Institute of Biotechnology Life Sciences Center Vilnius University, Saulėtekio 7, Vilnius, Lithuania.
Genome Center UC Davis, 451 Health Sciences Drive, Davis, CA, USA.
Bioinformatics. 2019 Mar 15;35(6):937-944. doi: 10.1093/bioinformatics/bty760.

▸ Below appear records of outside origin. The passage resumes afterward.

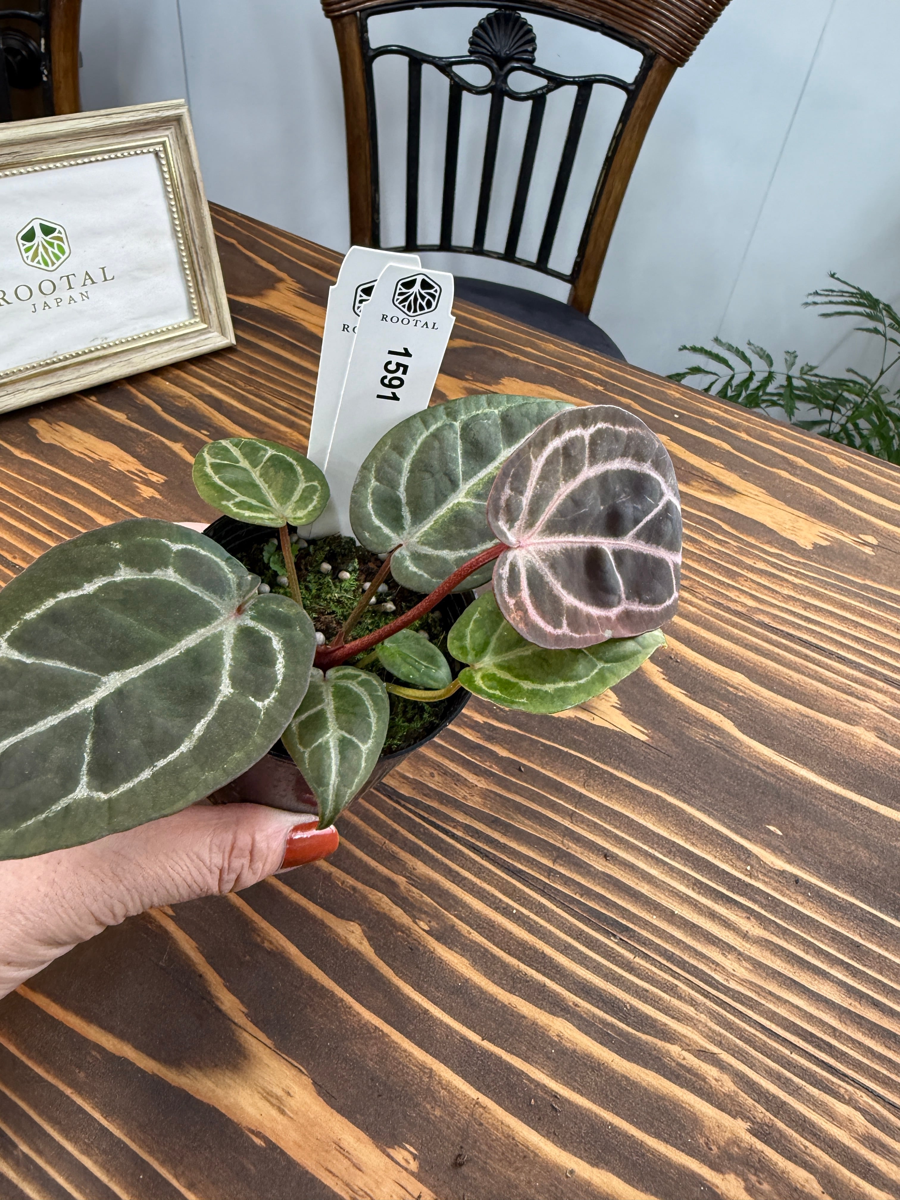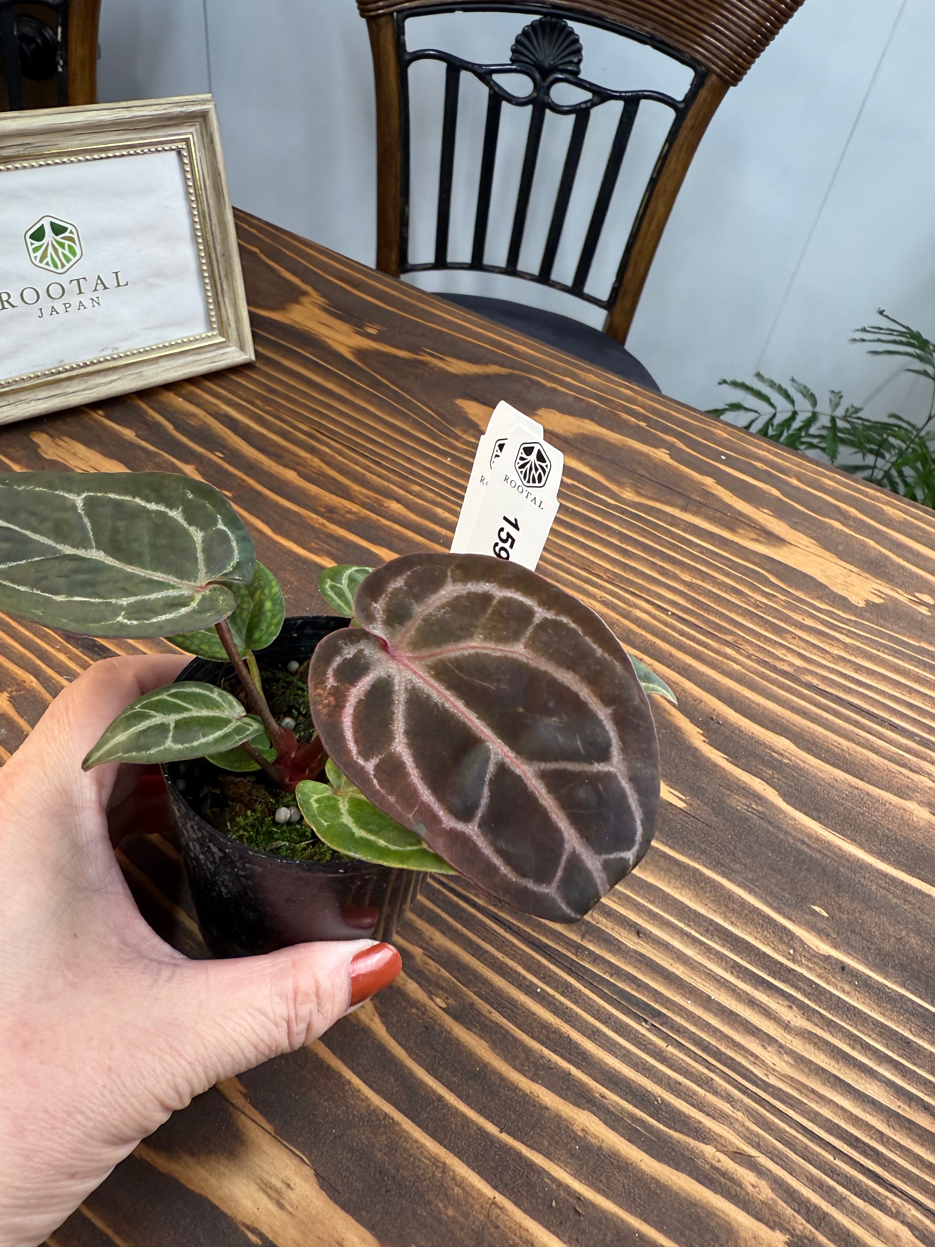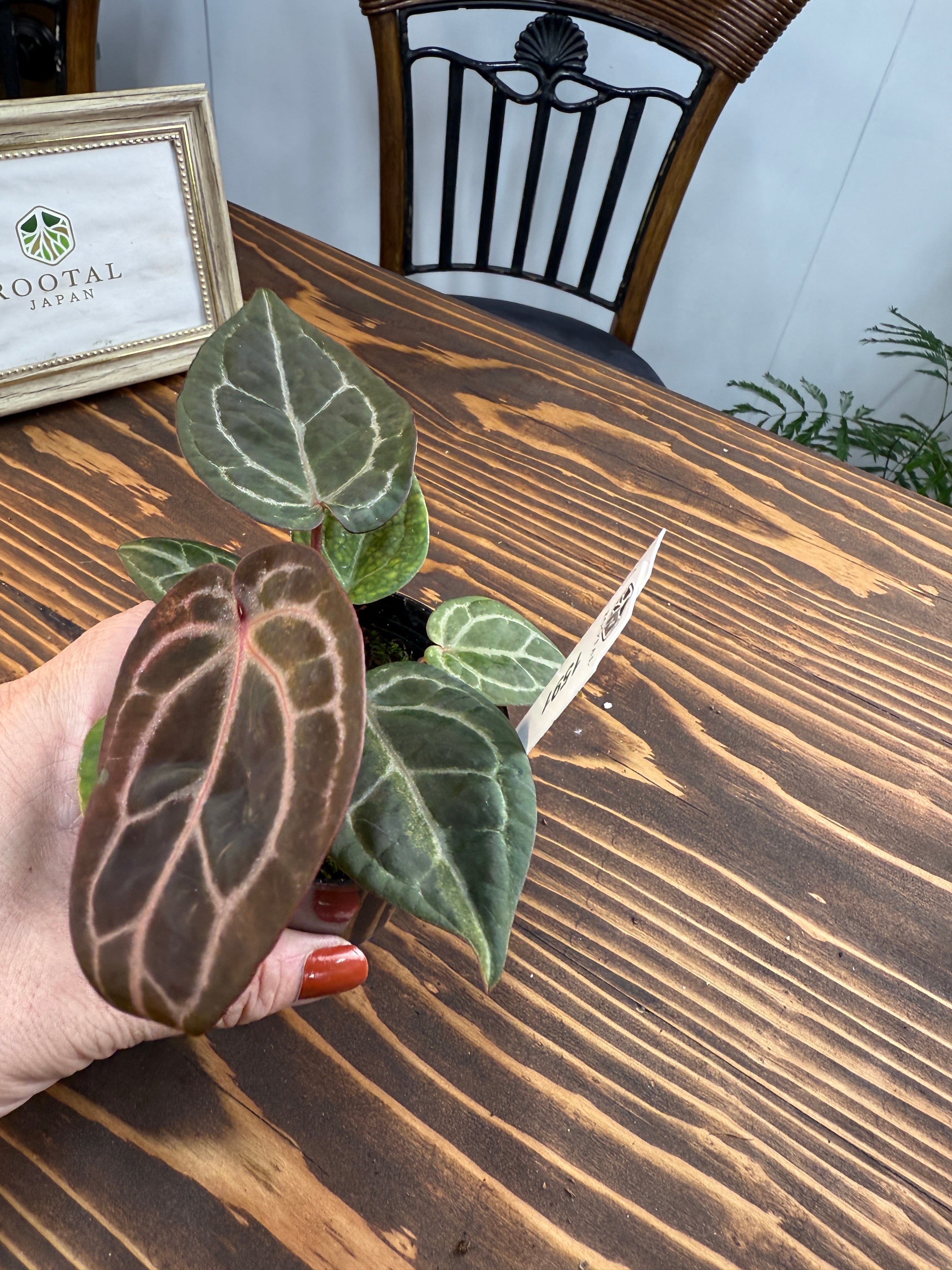 ★1591【高貴な深紅の輝き】アンスリウム レッドクリスタリナム♯1×♯2 (2.5号プラ鉢)
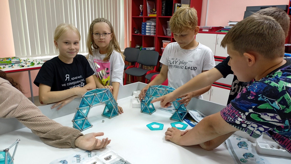 Работа шла в командах, где каждый собирал свои фрагменты, а потом надо было всем объединить свои усилия и построить что-то большое. В итоге получались очень интересные и впечатляющие строения.
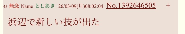 | … | 46無念Nameとしあき26/03/09(月)11:45:12No.1392672286そうだねx2>>>おはよー |
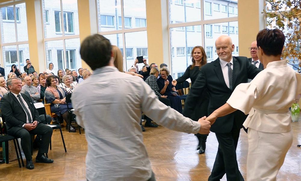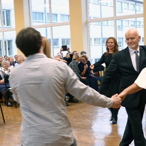 Simboliška akimirka, sugraudinusi žiūrovus – pakviesta bendru šokiu prisiminti BTVMC ir Vabalninko žemės ūkio mokyklos jungtuves. Šokio centre – buvęs mokyklos direktorius Petras Narkevičius.

Measuring discrepancies between protein models and native structures is at the heart of development of protein structure prediction methods and comparison of their performance. A number of different evaluation methods have been developed; however, their comprehensive and unbiased comparison has not been performed.

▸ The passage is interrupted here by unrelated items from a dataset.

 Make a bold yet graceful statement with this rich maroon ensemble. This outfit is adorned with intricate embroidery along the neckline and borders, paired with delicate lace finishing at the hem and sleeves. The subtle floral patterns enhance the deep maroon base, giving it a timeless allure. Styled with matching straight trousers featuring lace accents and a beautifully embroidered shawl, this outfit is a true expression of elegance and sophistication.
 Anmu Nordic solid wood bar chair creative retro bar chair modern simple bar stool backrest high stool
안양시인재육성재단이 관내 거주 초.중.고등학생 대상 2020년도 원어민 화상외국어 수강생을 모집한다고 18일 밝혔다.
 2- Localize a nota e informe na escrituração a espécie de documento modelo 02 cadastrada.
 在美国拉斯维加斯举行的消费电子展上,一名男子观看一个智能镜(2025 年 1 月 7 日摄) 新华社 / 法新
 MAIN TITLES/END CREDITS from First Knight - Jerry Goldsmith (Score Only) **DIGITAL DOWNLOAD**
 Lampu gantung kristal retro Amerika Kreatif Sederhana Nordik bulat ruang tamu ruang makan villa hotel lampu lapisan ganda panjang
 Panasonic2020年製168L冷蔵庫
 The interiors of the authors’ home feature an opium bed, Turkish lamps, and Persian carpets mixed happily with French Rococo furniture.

We carried out a comparative analysis of several popular model assessment methods (RMSD, TM-score, GDT, QCS, CAD-score, LDDT, SphereGrinder and RPF) to reveal their relative strengths and weaknesses. The analysis, performed on a large and diverse model set derived in the course of three latest community-wide CASP experiments (CASP10-12), had two major directions. First, we looked at general differences between the scores by analyzing distribution, correspondence and correlation of their values as well as differences in selecting best models. Second, we examined the score differences taking into account various structural properties of models (stereochemistry, hydrogen bonds, packing of domains and chain fragments, missing residues, protein length and secondary structure). Our results provide a solid basis for an informed selection of the most appropriate score or combination of scores depending on the task at hand.

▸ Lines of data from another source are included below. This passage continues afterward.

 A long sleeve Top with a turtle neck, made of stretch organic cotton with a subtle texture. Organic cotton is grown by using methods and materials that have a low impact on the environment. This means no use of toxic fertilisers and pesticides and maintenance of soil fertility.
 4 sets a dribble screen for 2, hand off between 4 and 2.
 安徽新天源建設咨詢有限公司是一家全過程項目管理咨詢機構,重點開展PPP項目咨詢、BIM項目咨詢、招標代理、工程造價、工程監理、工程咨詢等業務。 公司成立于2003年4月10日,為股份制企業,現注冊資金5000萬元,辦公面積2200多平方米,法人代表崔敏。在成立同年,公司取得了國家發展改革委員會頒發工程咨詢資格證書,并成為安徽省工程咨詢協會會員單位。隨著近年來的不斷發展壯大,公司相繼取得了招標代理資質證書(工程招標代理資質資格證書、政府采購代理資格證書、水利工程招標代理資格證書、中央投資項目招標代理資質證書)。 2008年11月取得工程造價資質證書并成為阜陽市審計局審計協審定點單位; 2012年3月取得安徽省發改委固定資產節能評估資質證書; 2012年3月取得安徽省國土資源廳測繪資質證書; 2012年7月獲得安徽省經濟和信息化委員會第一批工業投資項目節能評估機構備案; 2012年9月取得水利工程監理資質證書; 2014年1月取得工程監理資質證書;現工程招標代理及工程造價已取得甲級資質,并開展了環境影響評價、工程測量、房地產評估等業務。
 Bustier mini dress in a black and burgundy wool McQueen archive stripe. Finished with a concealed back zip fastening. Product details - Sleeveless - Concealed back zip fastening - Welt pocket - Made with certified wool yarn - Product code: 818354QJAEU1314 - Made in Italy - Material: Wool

Supplementary data are available at Bioinformatics online.
衡量蛋白质模型与天然结构之间的差异是蛋白质结构预测方法发展和比较其性能的核心。已经开发了许多不同的评估方法;然而,它们并没有进行全面和无偏见的比较。
我们对几种流行的模型评估方法(RMSD、TM 分数、GDT、QCS、CAD 分数、LDDT、SphereGrinder 和 RPF)进行了比较分析,以揭示它们的相对优势和劣势。该分析是在三个最新的全社区 CASP 实验(CASP10-12)过程中得出的大型和多样化的模型集中进行的,有两个主要方向。首先,我们通过分析值的分布、对应和相关性以及最佳模型选择的差异,研究了评分之间的一般差异。其次,我们考虑了模型的各种结构特性(立体化学、氢键、结构域和链片段的组装、缺失残基、蛋白质长度和二级结构),研究了评分差异。我们的结果为根据手头的任务选择最合适的评分或评分组合提供了坚实的基础。
补充数据可在生物信息学在线获得。